Randall Britten wrote:
>> However, in general, I haven't been able to find an efficient
>> (polynomial time) algorithm to compute this break-down (but I also
>> haven't yet proved that the problem is NP-complete, so there may be a
>> polynomial time solution even if P != NP).
>>
> Hi Andrew
> 
> If possible, please outline the algorithm that you have found, even though
> it is not efficient.

The most trivial algorithm is of course a simple depth first exhaustive
search. I believe this is what Justin already started implementing.

Firstly, I'll define the exact problem that I'm trying to solve in
formal language.

========
There are several ways to formulate the problem, but matrix notation
seems the cleanest.

Let A be an n*n matrix, where n is the number of equations in the model
(which haven't already been used), and is also the number of unknown
variables (which must be equal for the problem to be correctly constrained).

Let A_ij = 1 if the ith equation involves the jth unknown, and 0 otherwise.
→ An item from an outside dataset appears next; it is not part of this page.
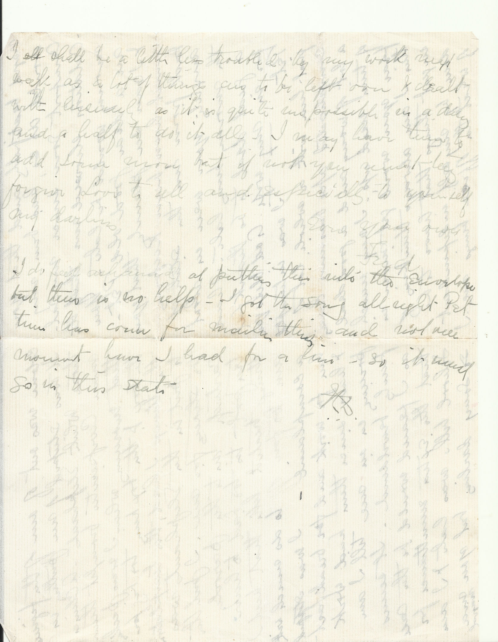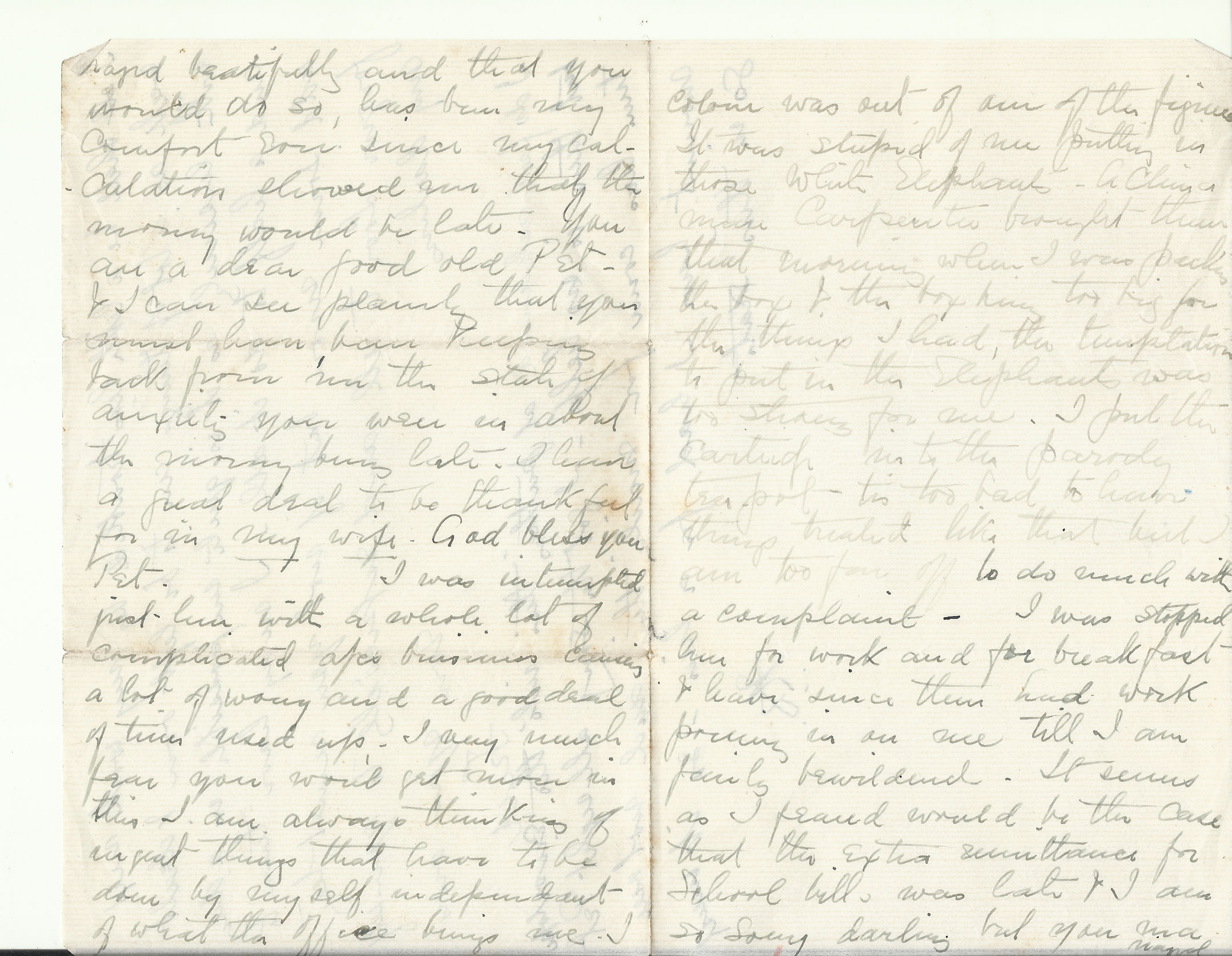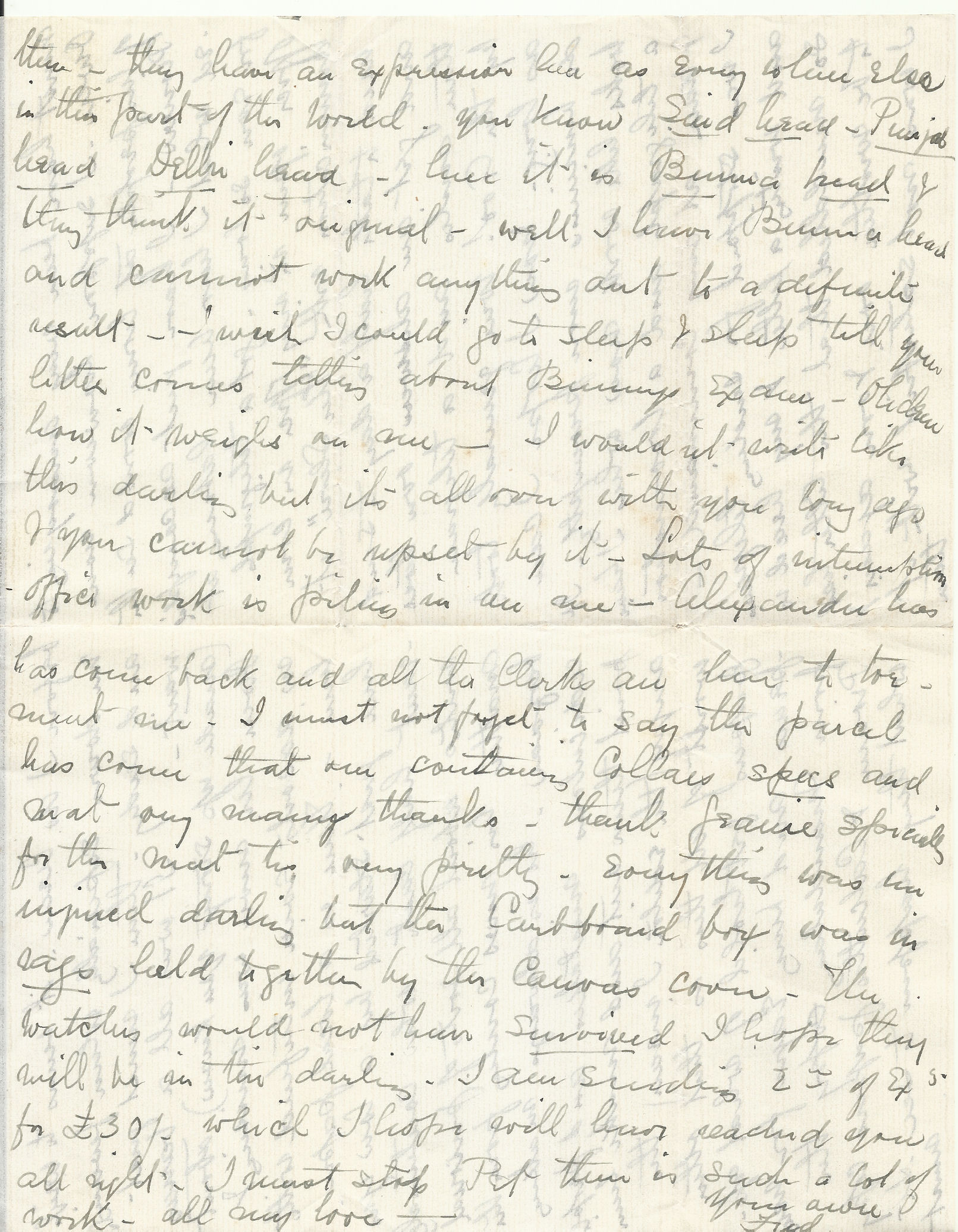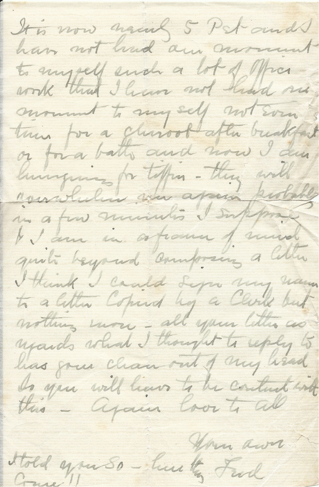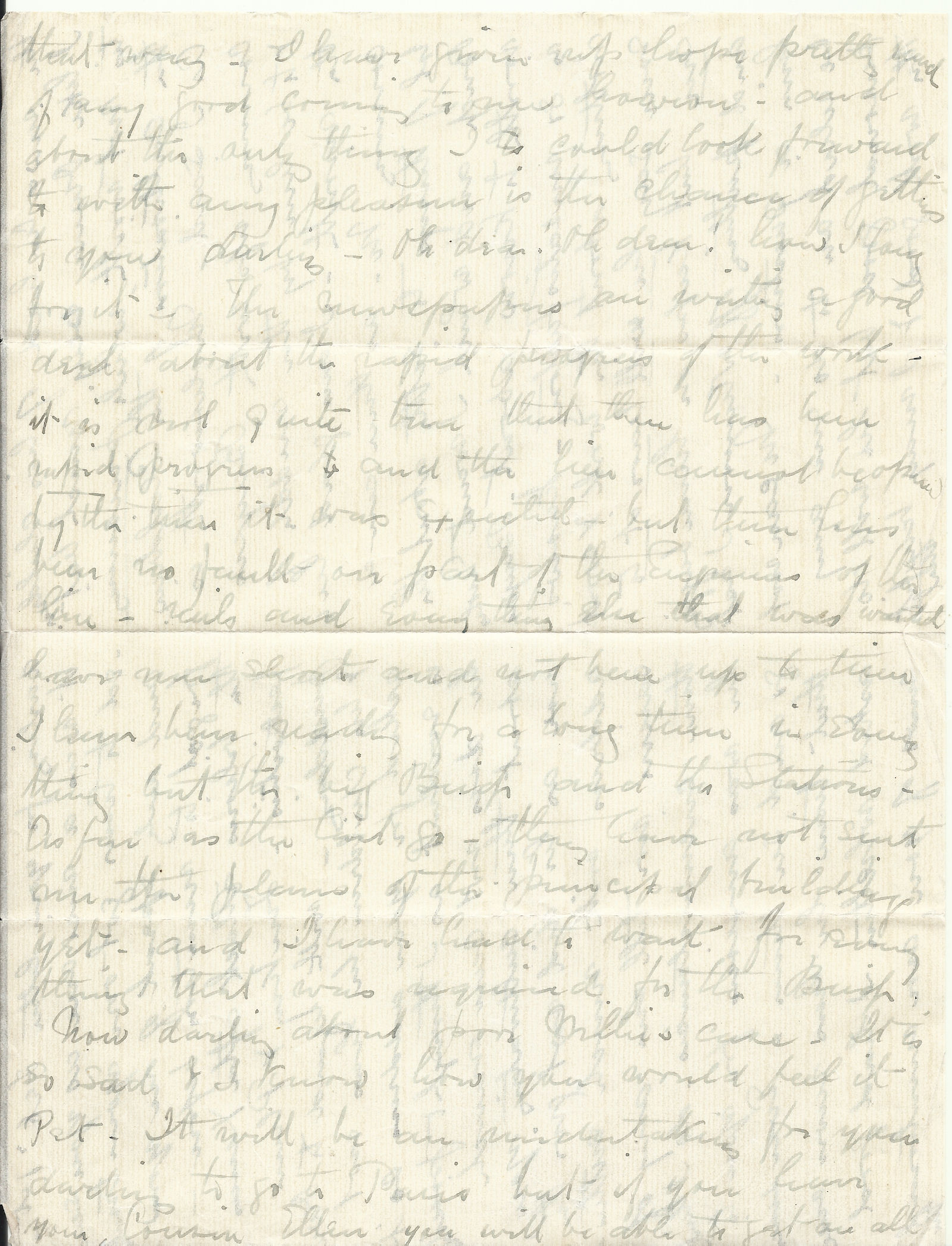 I am not going to write much at this sitting, only just enough to show that I am sane. There is not much to spare however. I hope to finish on board ship, on the way to Calcutta. Orders came for me at last, on Saturday evening, and since then I have been in a state of preparation, more or less. All my packing appears, however, yet to be done. Things that I have had in daily use, since I came to Rangoon, are all out and about. I intended doing it yesterday, but it took me all day long, to get my pay settled, & the cheques for it in the office, & I was able to do absolutely nothing besides, did not get back till after 5, to my tiffin at the Club. I find it's no use, darling, trying to write now. The bills, about me, are all wrong. One man has neglected to send his, and must now be looked up personally, in his shop. Besides there is my banking business, & remittance to you, darling, to be seen to, & I must off. I intended having my packing done most scientifically, with a view to the change of climate in India, but alas, the time seems very short, although it's all day till 3 tomorrow morning. I wish you were here, Pet. Good bye now till from board ship.

The objective is to find the smallest possible non-empty set E such that
|E| = |V|, where V = {j where exists i in E such that A_ij = 1 }
=======

Algorithm findSmallestSystem(A, n):
  for setSize from 1 through to n inclusive:
    result <- findSystemOfSize(A, n, setSize, {}, 1)
    if result is not failure:
      return result
    end
  end
  Not reached because there is always a system of size n.
end

Algorithm findSystemOfSize(A, n, addMembers, existingMembers,
lowestConsidered):
  if (addMembers != 0):
    result <- findSystemOfSize(A, n, addMembers - 1, existingMembers \
{i}, lowestConsidered + 1)
    if result is not failure:
      return result
    end
    result <- findSystemOfSize(A, n, addMembers, existingMembers,
lowestConsidered + 1)
    if result is not failure:
      return result
    end
    return failure because this branch is impossible.
  end

  V <- {}
  for j from 1 through to n inclusive:
    for i from 1 through to n inclusive:
      if A_ij = 1:
        V <- V union {j}
        next iteration of the outer loop
      end
    end
  end

  if |V| = |existingMembers|:
    return existingMembers
  else
    return failure
  end
end

I am measuring the time complexity of this by the number of times we
check if A_ij = 1. In the worst case, which is that the only possible
system is the system of size n, we fail for systems of size 1 through to
n-1, and run to the end of the nth step before failing. This takes  n^2
* (choose(n, 1) + choose(n, 2) + ... + choose(n, n)) = n^2 * (2^n - 1)
steps.

We can optimise certain cases. For example, if we can isolate disjoint
sets of variables and equations using a disjoint sets algorithm, we can
do better on this case (this won't improve the worst case, because there
is no guarantee of this being possible).

We can also adapt the above algorithm to be branch-and-bound by noting
that even before we get to the end of a branch, if |V| > |E|, then it is
never going to shrink as a result of adding more equations so we can
close off that branch.

Another possibility might be to implement a beam search based on some
kind of graph connectivity heuristic. However, it is not clear if this
would actually improve real world problems.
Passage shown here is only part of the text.